Are You Ready for Angel Investors?
Is your company “really” investor ready? Do you know how to market and sell to outside investors? Do you have a sound financing strategy? Here is what Anita Roddick, founder of The Body Shop, once said: “There are only two ways of raising money: the hard way and the very hard way.”
New York Times Article: In Pitching to Angel Investors, Preparation Tops Zeal
For entrepreneurs hoping to land start-up capital from angel investors, here is what two recent studies found: Don’t get carried away when you pitch your product, because the investors may lose interest faster than you can say “almost unlimited market,” The New York Times’s Brent Bowers reports in this article.

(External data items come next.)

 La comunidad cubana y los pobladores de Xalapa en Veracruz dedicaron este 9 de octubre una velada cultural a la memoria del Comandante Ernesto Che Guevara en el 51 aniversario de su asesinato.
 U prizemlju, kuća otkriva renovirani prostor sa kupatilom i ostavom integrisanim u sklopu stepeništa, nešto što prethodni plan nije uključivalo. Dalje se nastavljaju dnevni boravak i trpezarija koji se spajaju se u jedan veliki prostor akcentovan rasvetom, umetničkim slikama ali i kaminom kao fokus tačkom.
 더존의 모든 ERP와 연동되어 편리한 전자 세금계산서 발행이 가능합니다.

What angels are looking for, authors of both reports said, is evidence of a market opportunity with growth potential, a strong management team and an exit strategy, including a list of possible acquirers, since the eventual sale of the companies they invest in is how they make money.
“Also, angels put a high value on trustworthiness,” said Richard Sudek of Chapman University, a former entrepreneur himself and the chairman-elect of Tech Coast Angels, the largest angel group in the United States based in Southern California. “If you don’t know the answer to a question, say so, and promise to get back to them. Don’t fake it.”

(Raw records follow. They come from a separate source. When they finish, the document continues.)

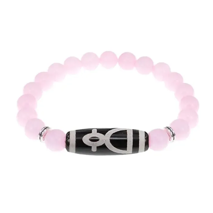 Браслет с бусиной Дзи Кубера и нат.камнем Розовый кварц BSDS8-11-15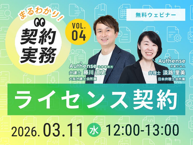 【無料ウェビナー開催2026.3.11】【まるわかり!契約実務】Vol.4 ライセンス契約|Authense法律事務所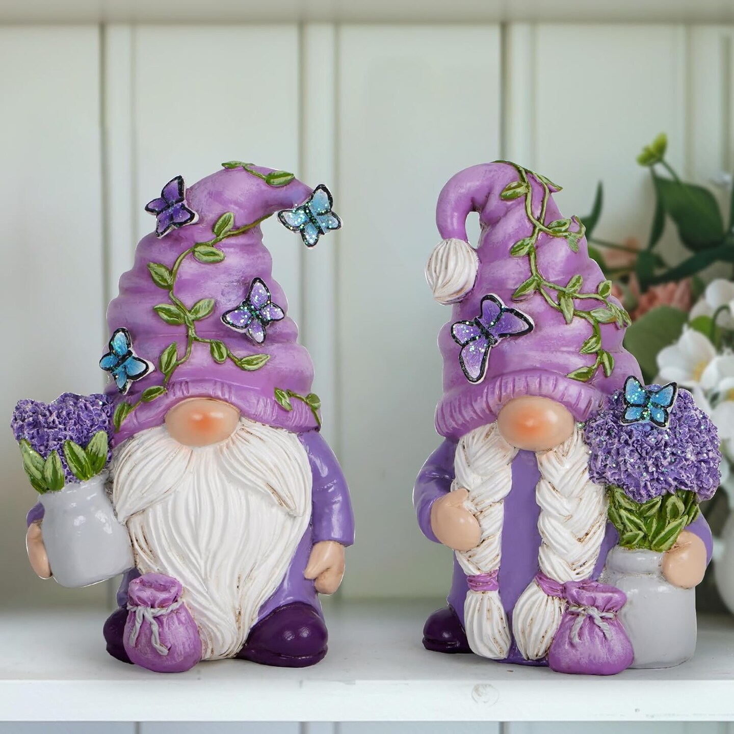 2PCS Lavender Dream Gnome Set - Purple Fragrance Wonderland Journey Spring Swedish Tomte Elf Dwarf Figurines Summer Gnome Indoor Home Decor Gift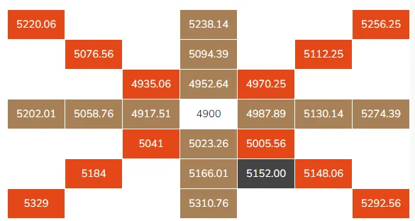 This calculator helps traders identify key support and resistance levels in the market based on a geometric grid pattern.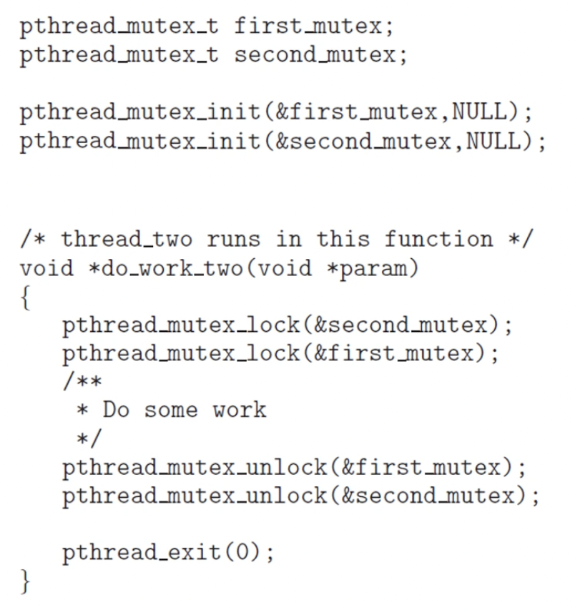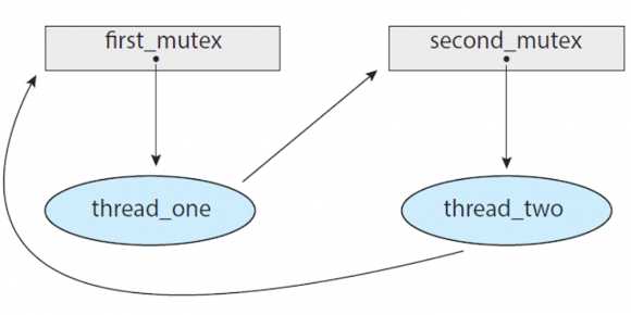 - 동시에 thread_two는 (1)second_mutex, (2)first_mutex 순서로 뮤텍스 락을 획득하려고 함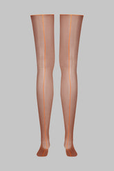Die Stockings werden hinten von einer neonfarbenen Naht geschmückt, eine knallige Signatur, die Ihrem Look den sorglosen Schwung der Eighties verleiht.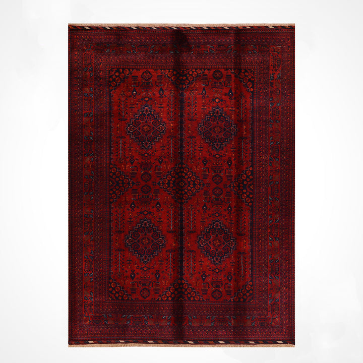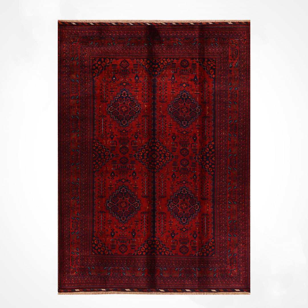 The weft and warp of this carpet are cotton knots made of wool yarn. The yarns are also completely hand-made using kirman. The wool yarns used in the knots are dyed using natural materials, namely madder. For example, to obtain the red color, wool yarns are boiled with rose petals and the yarn takes the color of the rose petal; yarns dyed in this way are called madder-dyed yarns. Carpets produced from yarns dyed with madder dye have a brighter appearance with use. On the other hand, this carpet is a high-quality carpet in terms of weaving density and is woven with the Turkish knot, in other words, the double knot technique; thanks to this feature, it is more durable and has a longer life compared to Iranian carpets. Finally, approximately 1,950,000 hand knots were tied in the weaving of this carpet.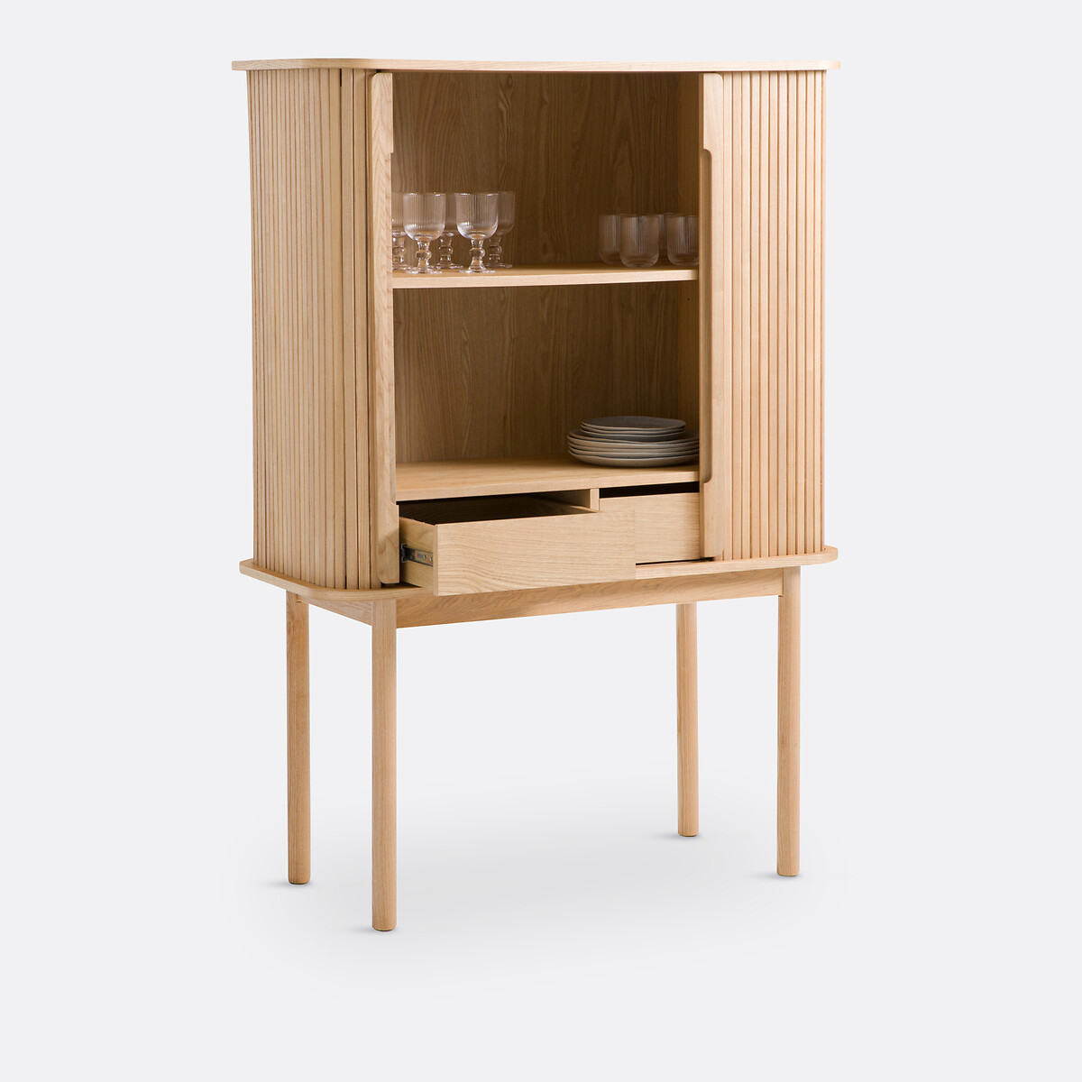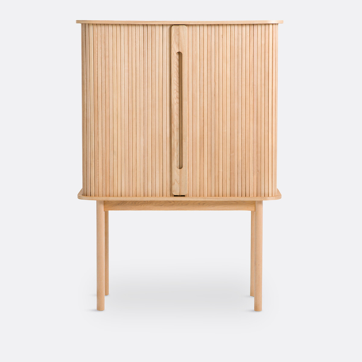 Запросить индивидуальное предложение • Две раздвижные дверцы со шторкой из массива ясеня FSC® с НЦ-лакировкой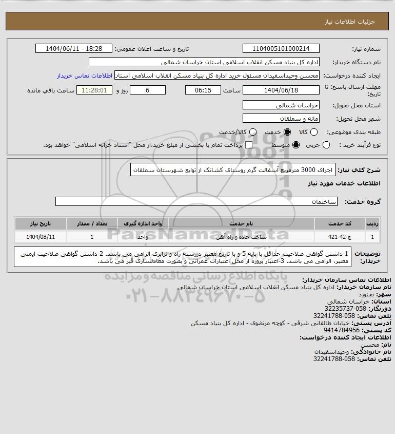 شرح کلی نیاز: اجرای 3000 مترمربع آسفالت گرم روستای کشانک از توابع شهرستان سملقان
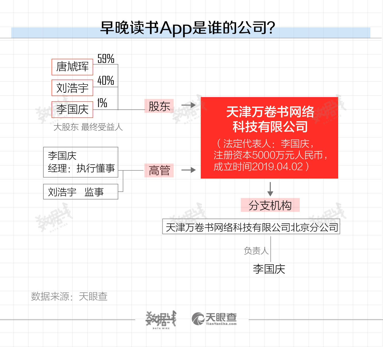 天眼查数据显示,早晚读书App的主体公司天津万卷书网络科技有限公司大股东为当当影业CEO唐虓珲,占股59%;第二大股东为刘浩宇,占股40%。在公司担任经理、执行董事、同时也是公司法定代表人的李国庆仅占股1%。
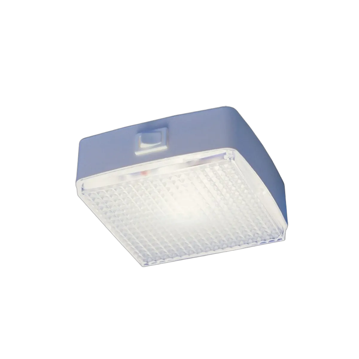 Surface mount interior light with integral rocker switch. White gloss finish moulded plastic housing. 10 watt, 12 volt halogen bulb. No visible fastenings. Diffuser lens.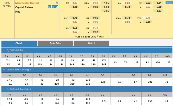 Xem tỉ lệ kèo cá cược bóng đá trực tuyến Manchester United vs Crystal Palace

>>Read the Article at New York Times
ValuePoint: How To Get Ready for Angel Investors
Tech Coast Angels
Network of over 200 angel investors with a mission to fund early stage technology ventures in Southern California. Group operates three regional networks in Los Angeles, Orange County, and San Diego. Provides seed and early-stage capital in the range of $250K-$2M, an investment range not generally served by VCs. Since 1997 they have invested over $45 million in more than 60 Southern California companies, together with $456 million from co-investors. Their members are founders, CEO’s, venture capitalists and business leaders who have funded and built world-class companies. They mentor and coach, serve on their boards, provide contacts, and assist with team building, strategic planning and fundraising.
What are Angel investors?
Venture capitalists invest in more established ventures, but informal angel investors are the primary source of early stage risk capital for entrepreneurial ventures in the United States. Angels are private individuals that invest their own wealth in entrepreneurs who are not directly related to them through family or prior friendship, with the mindset that they will get higher returns as the ventures get “discovered” down the road by an attractive buyer.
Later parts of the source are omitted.